Höxter – Gütersloh III – Lippe II is an electoral constituency (German: Wahlkreis) represented in the Bundestag. It elects one member via first-past-the-post voting. Under the current constituency numbering system, it is designated as constituency 136. It is located in eastern North Rhine-Westphalia, comprising the Höxter district, a small part of the Gütersloh district, and the southern part of the Lippe district.

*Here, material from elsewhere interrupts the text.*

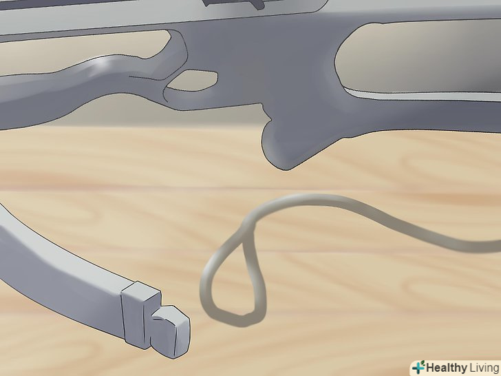 Зворотний процес, щоб видалити тятиву. Якщо вам треба видалити тятиву, прикріпіть пристрій до обох виїмок і підніміть арбалет разом з пристроєм замість реальної тятиви. Відчепіть обидва кінці реальної тятиви, потім вистрілите з арбалета і видаліть пристрій обома руками.- Також можна відчепити один кінець тятиви, коли арбалет піднятий. Якщо ви це зробили, інший кінець може бути видалений, коли ви знімаєте пристрій.

Höxter – Gütersloh III – Lippe II was created for the inaugural 1949 federal election. Since 2013, it has been represented by Christian Haase of the Christian Democratic Union (CDU).

Geography
Höxter – Gütersloh III – Lippe II is located in eastern North Rhine-Westphalia. As of the 2021 federal election, it comprises the entirety of the Höxter district, the municipality of Schloß Holte-Stukenbrock from the Gütersloh district, and the municipalities of Augustdorf, Horn-Bad Meinberg, Lügde, Schieder-Schwalenberg, and Schlangen from the Lippe district.

History
Höxter – Gütersloh III – Lippe II was created in 1949, then known as Warburg–Höxter–Büren. From 1965 through 1976, it was named Höxter. From 1980 through 2017, it was named Höxter – Lippe II. It acquired its current name in the 2021 election. In the 1949 election, it was North Rhine-Westphalia constituency 44 in the numbering system. From 1953 through 1961, it was number 103. From 1965 through 1976, it was number 102. From 1980 through 1998, it was a number 106. From 2002 through 2009, it was number 137. Since 2013, it has been number 136.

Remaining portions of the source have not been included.